The result is callable - you can use it directly as a function:

result = cv_shape_regression(x, y)
result(2.5)  # Evaluates the fitted function at 2.5

Iterative Fitting with UnivariateFitter

UnivariateFitter provides a mutable wrapper for iteratively fitting shape-constrained functions. This is useful when data arrives in batches and you want to update the fit incrementally, optionally blending new fits with previous ones.

Supported Methods

Symbol	Description
`:increasing`	Monotonic increasing (via `monotonic_regression`)
`:decreasing`	Monotonic decreasing (via `monotonic_regression`)
`:convex`	Single trough, slopes increase (via `unimodal_regression`)
`:concave`	Single peak, slopes decrease (via `unimodal_regression`)
`:quasiconvex`	Single trough, unimodal only (via `unimodal_regression`)
`:quasiconcave`	Single peak, unimodal only (via `unimodal_regression`)
`:supersmoother`	Adaptive local regression (via `supersmoother`)

Basic Usage

using UnivariateFunctions

# Create a fitter with default settings
fitter = UnivariateFitter(:increasing)

# Fit to data
x = collect(range(0, 10, length=200))
y = 2.0 .* x .+ randn(200) .* 0.5
fit!(fitter, x, y)

# Evaluate the fitted function
fitter(5.0)

Blending and Simplification

When fitting iteratively, you can blend new fits with the previous fit using weight_on_new, and periodically simplify the accumulated Piecewise_Function to control complexity:

# Blend new fits: 70% new, 30% previous
fitter = UnivariateFitter(:increasing; weight_on_new=0.7, nbins=15,
                           simplification_frequency=5, left=0.0, right=10.0)

# Each call to fit! blends with the previous result
for batch in data_batches
    fit!(fitter, batch.x, batch.y)
end

Parameters

method: Shape constraint (see table above)
nbins: Number of bins for regression and simplification. Default 10
equally_spaced_bins: Bin spacing strategy. Default true
weight_on_new: Blending weight in [0,1]. 1.0 uses only new fit.

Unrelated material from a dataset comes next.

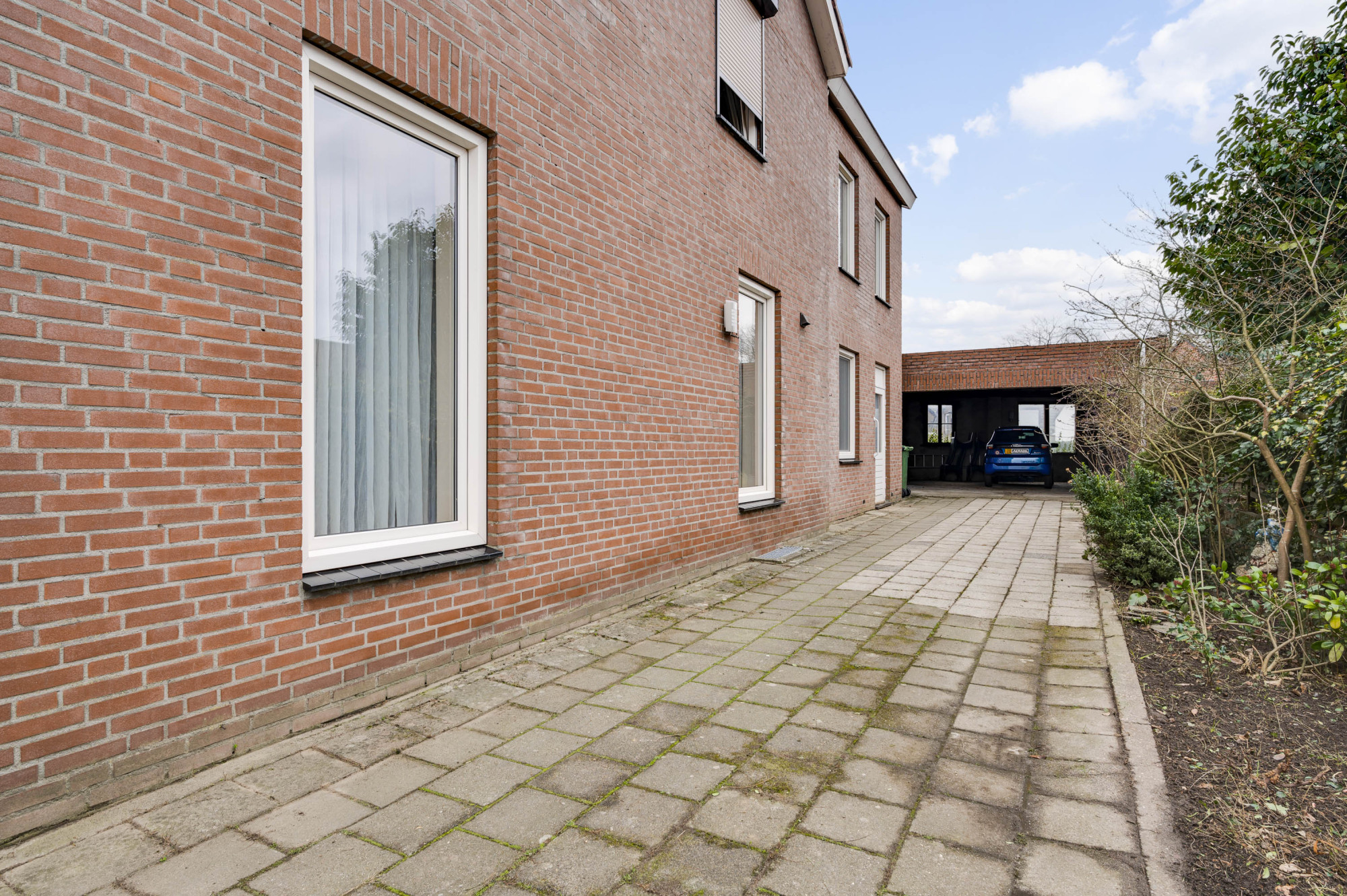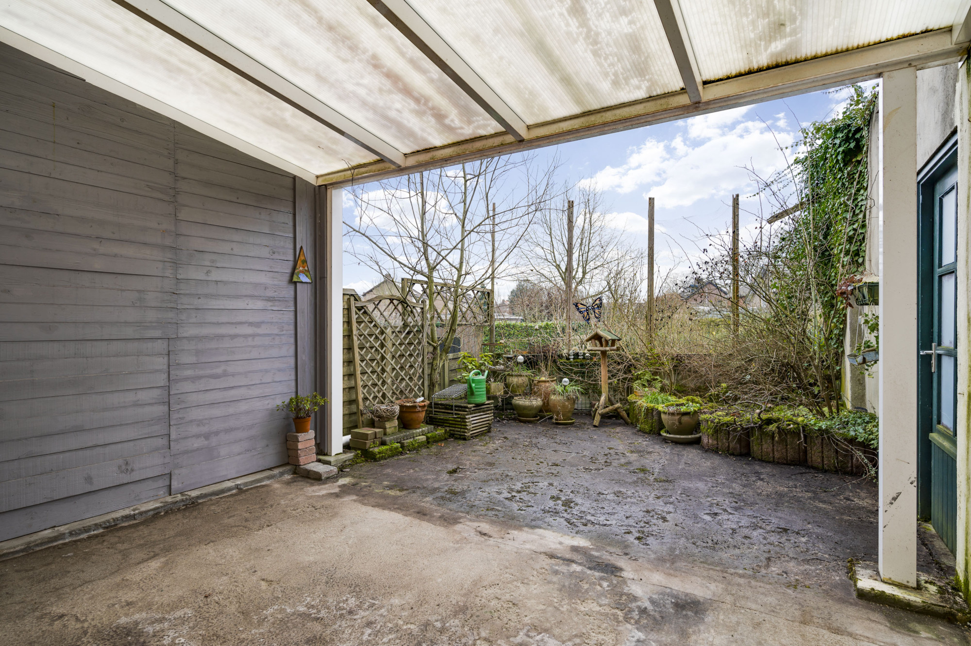 Er is een eigen privé achtertuin met veel privacy en een fijne terrasoverkapping, alsmede bestrating en borders. Vanuit de achtertuin heeft u een rechtstreekse toegang tot de (linker) garage/carport met inpandige berging. Deze leidt naar de gezamenlijke inrit met een vrije achterom.

Default 1.0
simplification_frequency: Simplify every N fits. 0 disables. Default 0
left, right: Domain bounds for simplification. Default -Inf, Inf

The fit! function also accepts weights (Vector{<:Real} or missing) to pass observation weights to the underlying regression. For UnivariateAdjustedFitter, weights are used both for the shape fit and for the per-group coefficient estimation.

Simplifying Piecewise Functions

The simplify function reduces the complexity of a Piecewise_Function by evaluating it at evenly spaced points and re-interpolating:

pw = create_linear_interpolation(x, y)  # many pieces

# Simplify to 20 pieces over [0, 10] using linear interpolation
pw_simple = simplify(pw, 20, 0.0, 10.0, :linear)

# Other interpolation methods
pw_quad = simplify(pw, 20, 0.0, 10.0, :quadratic)
pw_const = simplify(pw, 20, 0.0, 10.0, :constant_right)

Observation Weights

All regression and smoothing functions accept an optional weights keyword argument. When provided, observations with higher weights have more influence on the fitted function.

# Weighted monotonic regression
w = [1.0, 1.0, 1.0, 5.0, 5.0, 5.0]  # weight later observations more
fit = monotonic_regression(x, y; weights=w, increasing=true)

# Weighted supersmoother
fit = supersmoother(x, y; weights=w)

# Weighted OLS approximation
fit = create_ols_approximation(y, x; weights=w)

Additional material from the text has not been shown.